Results and Conclusion
We trained with three different VQA models. VILT improved the accuracy of our baseline model by about 30% and gave satisfactory results. We can do much better with respect to fine-tuning our models further onto more realistic datasets. Instead of using artificially generated VQA datasets, we can use more realistic and real-world scenarios. We can personalize our app further to recognize more Context-specific scenarios. We can train our model to Read documents and answer questions related to the documents.
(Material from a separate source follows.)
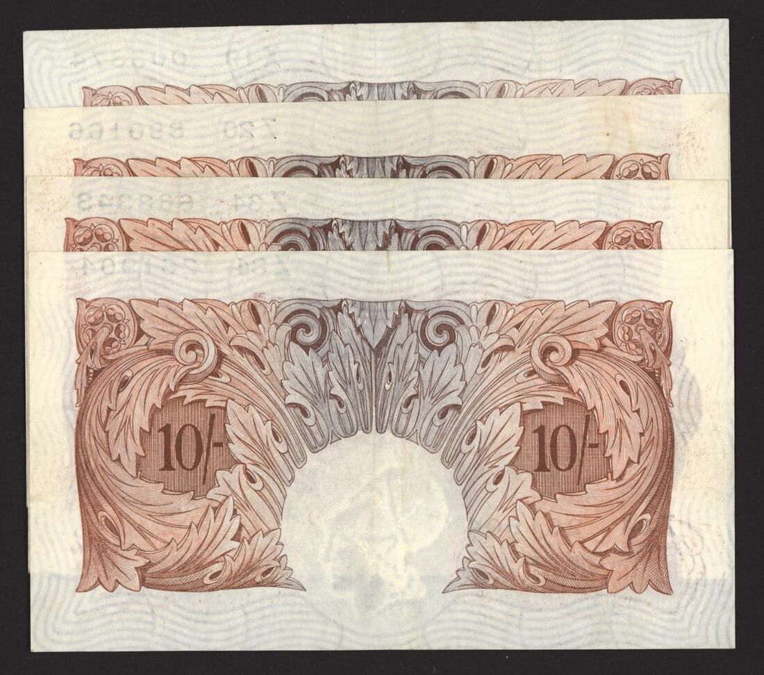 Bank of England, [4 notes] 10 Shillings, London, ND (1928), C. P. Mahon, no. X19 005874, no. Z20 890166, no. Z34 668343, and no. Z84 261904
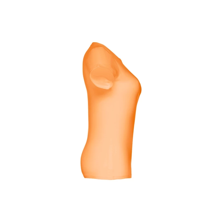 Damski t-shirt o dopasowanym kroju. 100% bawełna dżersej (190 g/m²) ze zgrzebną przędzą bawełnianą (kolor 183: 90% bawełna/10% wiskoza). Posiada cienki kołnierzyk z dżerseju wzmocniony satynową tasiemką. Zszywany po bokach, z podwójnym ściegiem na rękawach i na dole. Rozmiary: S, M, L, XL, XXL

This would help visually impaired people in a drastically huge manner.
Highlights
- An intelligent camera app that provides information about the world around you, which is particularly useful for a person with visual impairment.
- VQA systems attempt to correctly answer questions in natural language regarding the input image.
- We used the publicly available VQA dataset due to its larger size as compared with the others.
- We came across VILT, which improved the accuracy of our baseline model by about 30% and gave satisfactory results.
- We can train our model to read documents and answer questions related to the documents.
FAQ
Q: What is VQA?
A: Visual Question Answering (VQA) systems attempt to correctly answer questions in natural language regarding the input image.
Q: What dataset did you use for your project?
A: We used the publicly available VQA dataset due to its larger size as compared with the others.
Q: What is VILT?
A: VILT is a model that drastically simplifies the processing of visual inputs to just the same convolution-free manner in which we process the textual inputs. This makes the VILT model up to 10 times faster than any of the previous VLP models.
Q: Can your app read documents and answer questions related to the documents?
A: Yes, we can train our model to read documents and answer questions related to the documents.